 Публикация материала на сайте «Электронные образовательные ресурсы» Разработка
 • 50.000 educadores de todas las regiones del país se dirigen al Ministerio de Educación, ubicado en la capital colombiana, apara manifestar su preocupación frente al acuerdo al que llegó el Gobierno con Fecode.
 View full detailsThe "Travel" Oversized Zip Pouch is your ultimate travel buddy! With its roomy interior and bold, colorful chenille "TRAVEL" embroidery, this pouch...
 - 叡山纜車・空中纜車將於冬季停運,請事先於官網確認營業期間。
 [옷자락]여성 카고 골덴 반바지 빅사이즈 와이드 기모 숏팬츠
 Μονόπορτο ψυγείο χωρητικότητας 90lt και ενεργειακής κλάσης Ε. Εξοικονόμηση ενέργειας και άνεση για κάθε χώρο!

----------------------------------------

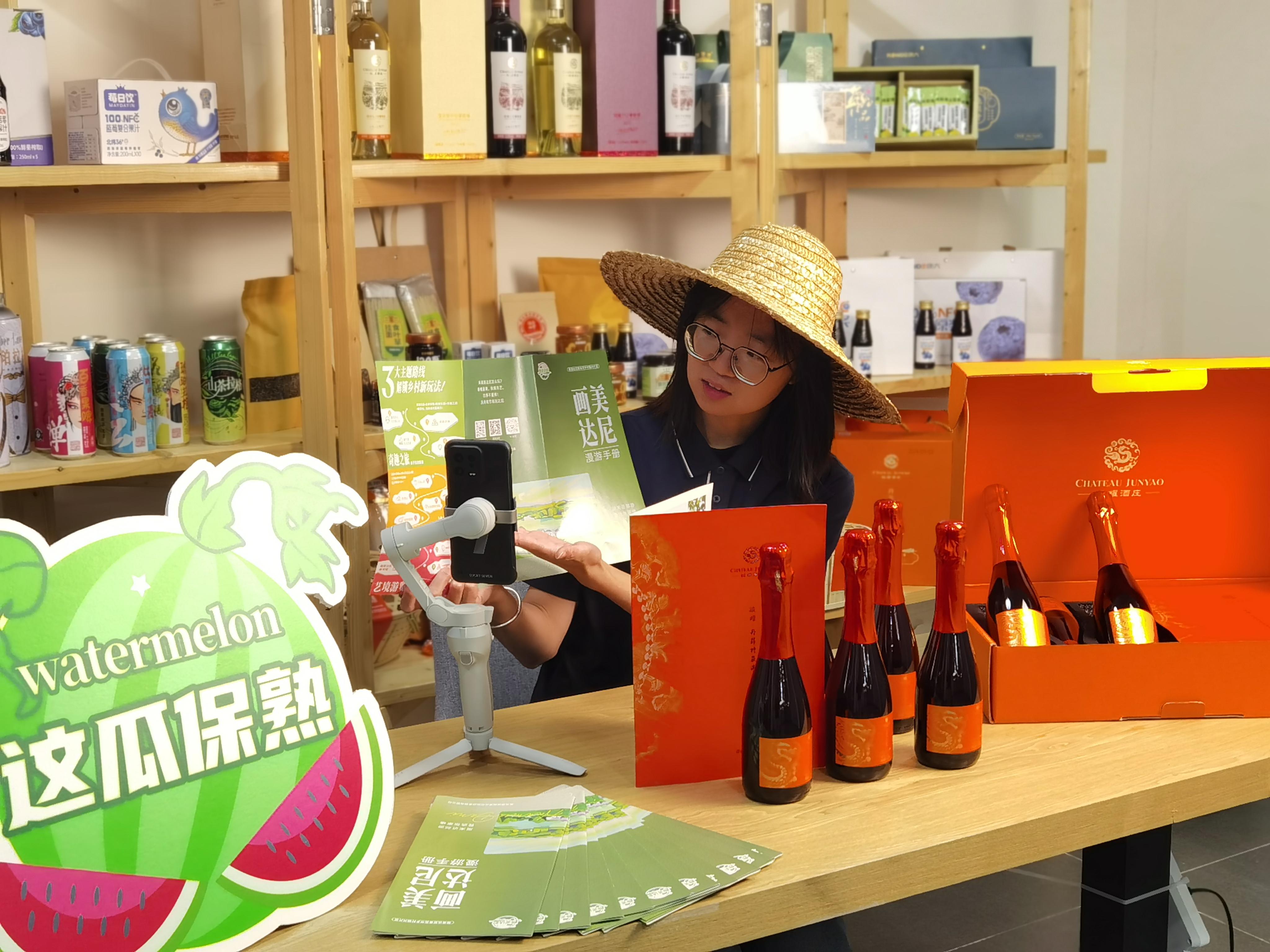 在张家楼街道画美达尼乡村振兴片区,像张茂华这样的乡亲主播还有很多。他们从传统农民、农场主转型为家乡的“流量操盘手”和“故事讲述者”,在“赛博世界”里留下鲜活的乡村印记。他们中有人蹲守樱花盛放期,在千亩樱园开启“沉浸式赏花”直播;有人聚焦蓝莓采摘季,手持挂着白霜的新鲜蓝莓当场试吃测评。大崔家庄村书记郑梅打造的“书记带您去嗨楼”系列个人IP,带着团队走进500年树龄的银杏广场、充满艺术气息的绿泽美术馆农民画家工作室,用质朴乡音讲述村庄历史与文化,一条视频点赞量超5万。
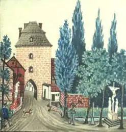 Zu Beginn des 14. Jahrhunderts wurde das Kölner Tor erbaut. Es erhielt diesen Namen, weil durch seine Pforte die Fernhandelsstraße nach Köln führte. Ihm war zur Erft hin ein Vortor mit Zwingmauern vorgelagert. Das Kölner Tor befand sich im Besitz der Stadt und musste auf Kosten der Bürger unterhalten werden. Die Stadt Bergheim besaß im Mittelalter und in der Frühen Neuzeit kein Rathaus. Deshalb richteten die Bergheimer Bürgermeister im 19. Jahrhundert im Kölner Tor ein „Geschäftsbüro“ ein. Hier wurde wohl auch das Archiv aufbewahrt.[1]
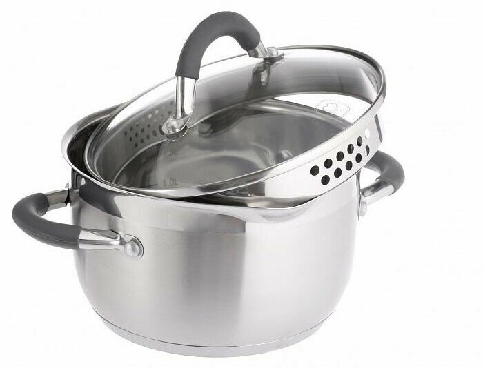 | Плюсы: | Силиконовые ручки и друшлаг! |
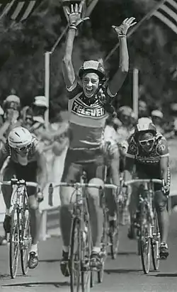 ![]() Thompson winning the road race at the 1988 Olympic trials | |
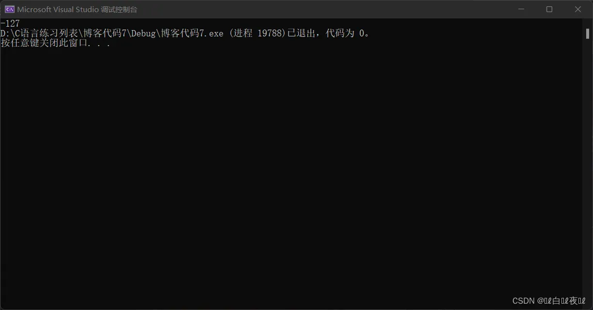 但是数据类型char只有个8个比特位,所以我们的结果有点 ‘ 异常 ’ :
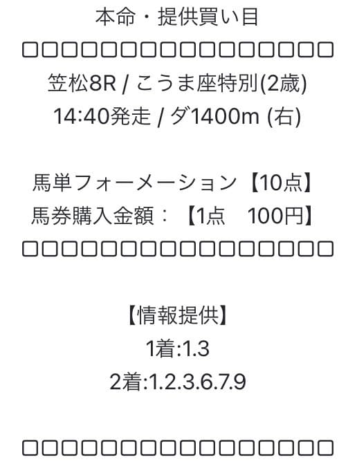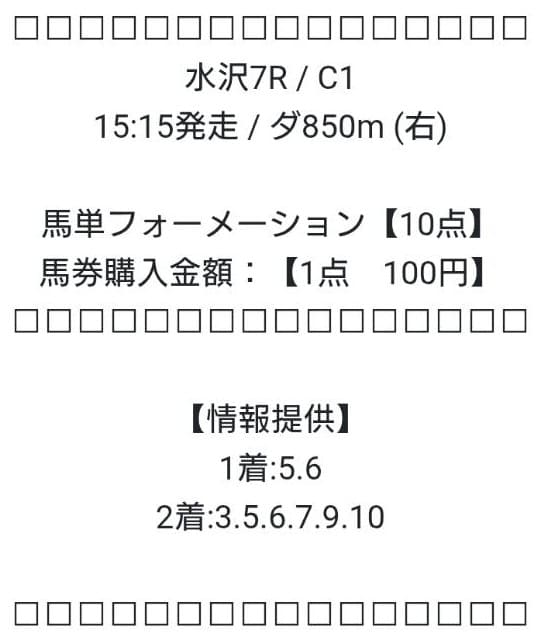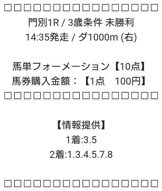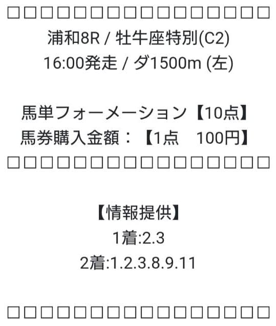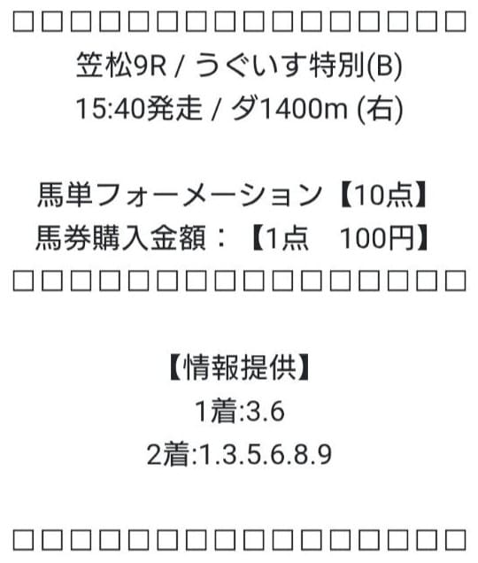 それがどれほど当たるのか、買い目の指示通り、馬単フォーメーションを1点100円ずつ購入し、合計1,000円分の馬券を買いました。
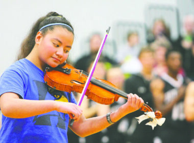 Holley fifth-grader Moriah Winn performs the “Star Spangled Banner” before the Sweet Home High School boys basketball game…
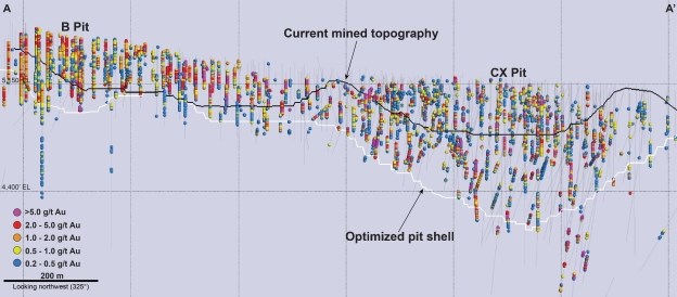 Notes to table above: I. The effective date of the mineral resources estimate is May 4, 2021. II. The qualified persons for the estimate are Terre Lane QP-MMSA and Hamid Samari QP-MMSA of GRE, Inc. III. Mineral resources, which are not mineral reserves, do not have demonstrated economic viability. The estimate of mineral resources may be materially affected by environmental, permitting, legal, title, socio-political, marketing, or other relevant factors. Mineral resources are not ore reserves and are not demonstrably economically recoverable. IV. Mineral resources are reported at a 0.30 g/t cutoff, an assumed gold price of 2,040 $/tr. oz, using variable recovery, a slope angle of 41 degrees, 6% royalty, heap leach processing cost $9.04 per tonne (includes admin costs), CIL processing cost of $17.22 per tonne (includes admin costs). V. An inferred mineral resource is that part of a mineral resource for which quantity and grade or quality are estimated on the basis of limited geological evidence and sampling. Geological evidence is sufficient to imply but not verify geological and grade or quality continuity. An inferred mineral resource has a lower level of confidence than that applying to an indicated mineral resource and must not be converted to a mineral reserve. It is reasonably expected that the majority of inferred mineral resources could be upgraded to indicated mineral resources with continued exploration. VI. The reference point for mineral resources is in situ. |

----------------------------------------

EXERCISE DETAILS:
Every line from the line containing "- 叡山纜車・空中纜車將於冬季停運,請事先於官網確認營業期間。" through the line containing "Μονόπορτο ψυγείο χωρητικότητας" in the records above must be retyped exactly. Leave out the rest.

EXERCISE SOLUTION:
 - 叡山纜車・空中纜車將於冬季停運,請事先於官網確認營業期間。
 [옷자락]여성 카고 골덴 반바지 빅사이즈 와이드 기모 숏팬츠
 Μονόπορτο ψυγείο χωρητικότητας 90lt και ενεργειακής κλάσης Ε. Εξοικονόμηση ενέργειας και άνεση για κάθε χώρο!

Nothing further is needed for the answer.